Die Eigentümer sind am besten in der Lage abzuschätzen, wie viele Parkplätze sie zur Verfügung stellen sollten. Wer glaubt, Zürich würde sich augenblicklich in einen gigantischen Parkplatz verwandeln, täuscht sich. Genau das Gegenteil würde eintreffen. Bereits heute rentieren an vielen städtischen Lagen Parkplätze deutlich weniger als Wohnraum. Von der starren 120-Quadratmeter-Regel befreit, würden viele Immobilieninvestoren dichter bauen und das Wohnangebot zulasten der Autoabstellplätze erweitern, was sich letztlich in tieferen Mieten niederschlagen würde.

Diese Massnahme allein reicht jedoch nicht aus. Ohne Parkplatzpflicht würden die privaten Eigentümer das Parkplatzproblem zunehmend auf den öffentlichen Raum verlagern. Deshalb bräuchte es eine zweite Massnahme.

2. Lageabhängige Parkgebühren auf öffentlichem Grund

Die mangelnde Verfügbarkeit an Parkmöglichkeiten verursacht Suchverkehr. Ein beträchtlicher Teil des Stadtverkehrs ist darauf zurückzuführen. Laut Verkehrsexperten wäre eine Parkplatzverfügbarkeit von 15% optimal, weil damit der Suchverkehr weitgehend reduziert wird, ohne die Parkplatzbelegung allzu stark zu beeinträchtigen.

Diese optimale 85%-Belegung könnte am besten über den Preis erreicht werden. Stau und Suchverkehr in der Innenstadt bei gleichzeitig schlecht belegten Parkhäusern sind ein unverkennbares Symptom zu tiefer Gebühren für Parkplätze am Strassenrand. Diese müssten solange angepasst werden, bis die optimale Belegung von 85% durchgehend erreicht wäre. Wo Parkplätze überwiegend leer stehen, könnten die Gebühren sinken. In San Francisco wird ein derartiges System bereits umgesetzt.

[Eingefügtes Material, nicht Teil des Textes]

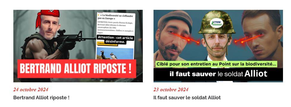 Dans un billet publié sur son site le 23 octobre, l'association Action Ecologie a assuré qu'elle "ne se laissera pas intimider", réaffirmant que "Bertrand Alliot a exposé une réalité : la biodiversité en Europe n'est pas en voie d'effondrement généralisé, et c'est un fait appuyé par des données tangibles".
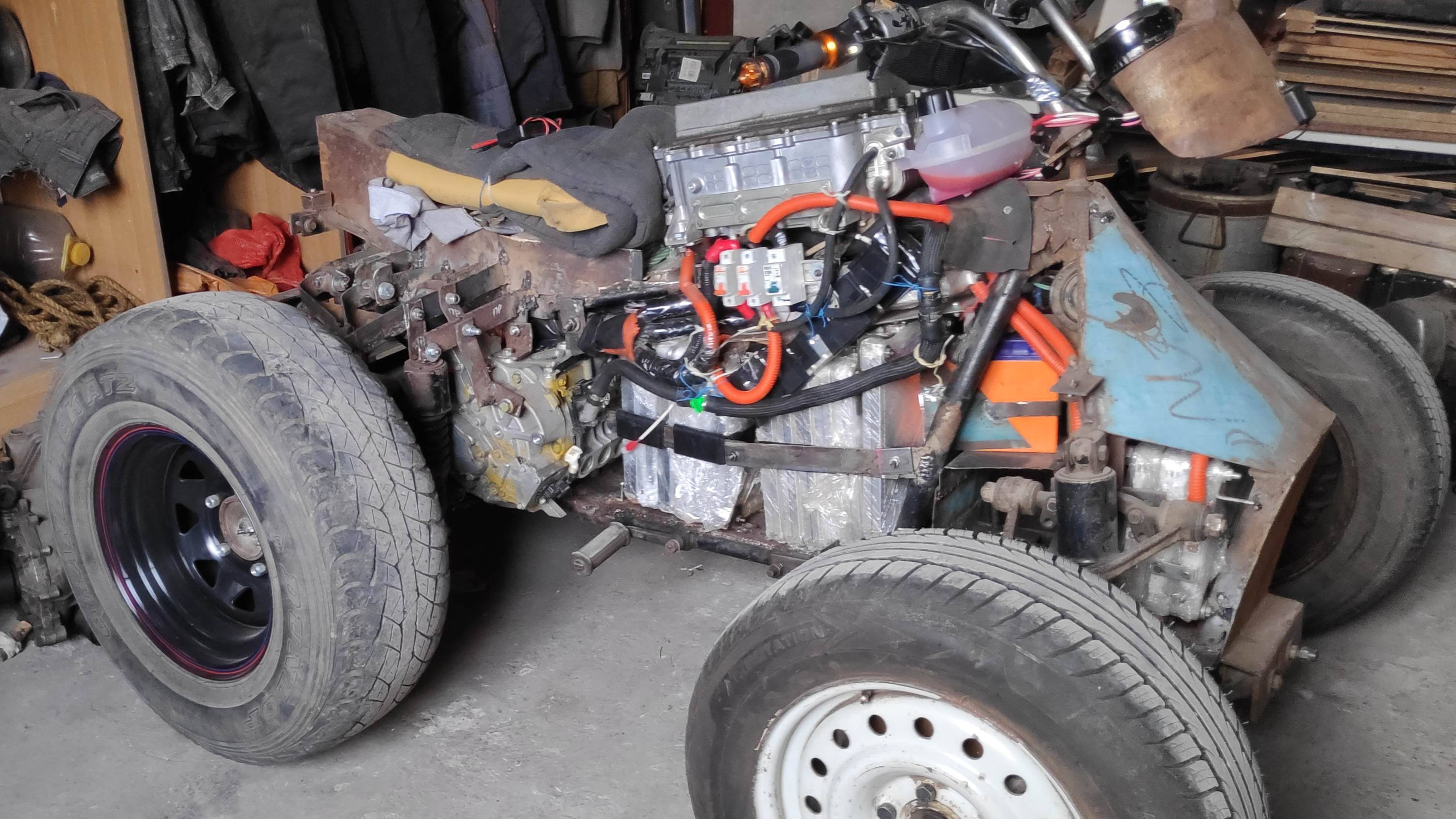 ПЕРЕДЕЛКА КОМПОНОВКИ:ИЗ-ЗА ПОЛОМКИ КАРДАНЧИКА (КАРДАНЧИК РУЛЕВОГО УПР.УАЗ) И ОЧЕНЬ БОЛЬШИХ ОБОРОТОВ , РЕШИЛ УСТ.РОДНОЙ РЕДУКТОР ОТ ЛИФА-С ПЕР.ОТН.1/8, ЗАОДНО ПЕРЕДЕЛАТЬ КОМПОНОВКУ ЗАДНЕЙ ЧАСТИ Квадроцикла. теперь:независемая задняя подвеска задние дисковые тормоза шрус внутрений и наружний увеличилась задняя колея установлен расширительный бачок и помпа от газели,залит антифриз в инвертор и мотор.

Mit der Kombination von lageabhängigen Gebühren für Parkplätze auf öffentlichem Grund und der Befreiung der Eigentümer von der Mindestparkplatzzahl liesse sich eine Politik realisieren, die von den Bedürfnissen der Stadtbewohner ausginge. Bei einer solchen Lösung könnte auch die eingangs erwähnte App für die kurzfristige Vermietung privater Parkplätze zu einer Effizienzsteigerung beitragen – im Interesse aller Beteiligten.

Wie aber auch andere Beispiele zeigen, werden in der Verkehrspolitik marktbasierte Steuerungsinstrumente leider noch immer mehr als Gefahr denn als Chance betrachtet.